Chase spent a month on Grand Manan Island in 1938 collecting specimens with a view to investigating plant associations. Unfortunately this work was never completed by Chase and the fellowship established in her name at the University of Michigan was in some part inspired in order to encourage the completion of this work.

== Delta Kappa Gamma, Delta Delta Delta and P.E.O. Sisterhood membership ==
Chase belonged to the Iota Chapter of Delta Delta Delta as well as to Chapter A, Michigan of the P.E.O. Sisterhood.
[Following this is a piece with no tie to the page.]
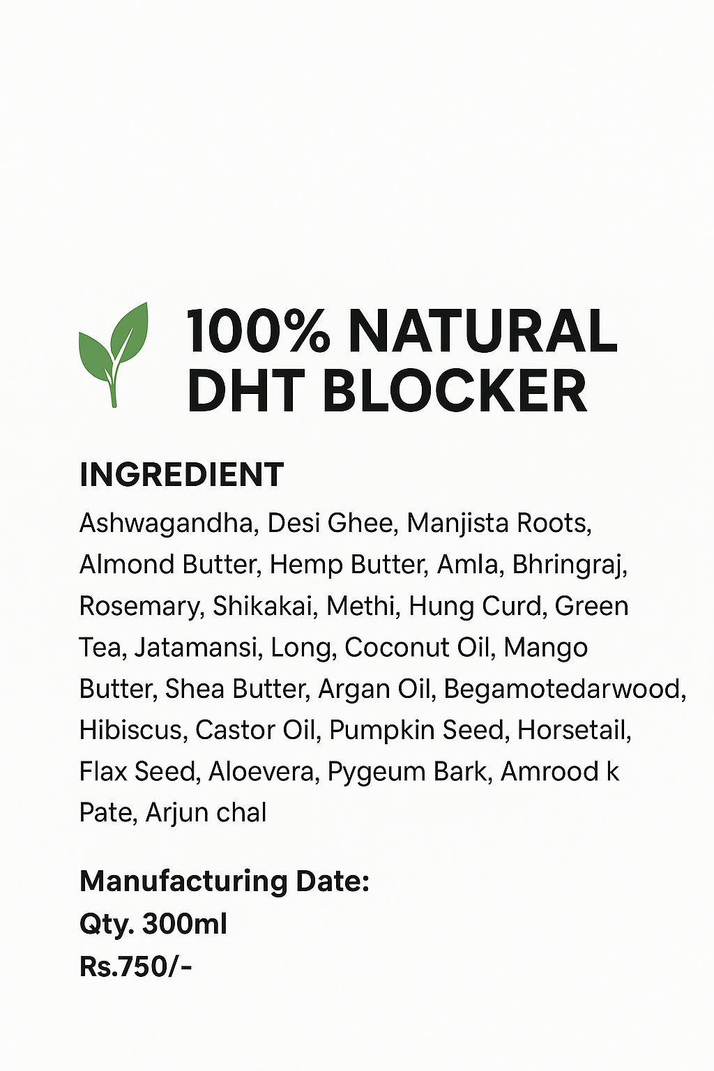 Ingredients-Ashwagandha,Amrood leaves,Moringa, Desi Ghee ,Manjista,Hemp butter, Amla,Bhringraj ,Rosemary ,Methi ,Almond butter, shea butter,Pygeum bark, Aloevera ,Flax seeds,Sunflower seeds ,Horsetail,Pumpkin seeds,Hibiscus,Begamotcedarwood ,Argan oil ,Mango butter ,coconut oil ,Cloves,Argan oil ,Hung curd ,Jatamansi,Shikakai,Castor oil ,Arjun chal

She was active in the administration of both organisations, and served as the National Alliance Officer for Delta Delta Delta from 1919 to 1925, historian for that organisation from 1925 to 1928 and chairperson of the Delta Delta Delta Fiftieth Anniversary Fund from 1929 to 1936. She was instrumental in organising that the funds raised be used for fellowships for Delta Delta Delta members engaged in furthering their education.

Chase was also a member of Delta Kappa Gamma.

== Death and the Winifred B. Chase Fellowship fund ==
Chase died at the Northville Convalescence Home in Novi on 26 August 1949. In 1955 Bernice Leland donated $2000 to establish the Winifred B. Chase Fellowship Award at the University of Michigan. The University awards the Winifred B. Chase Fellowship yearly to support botanical research.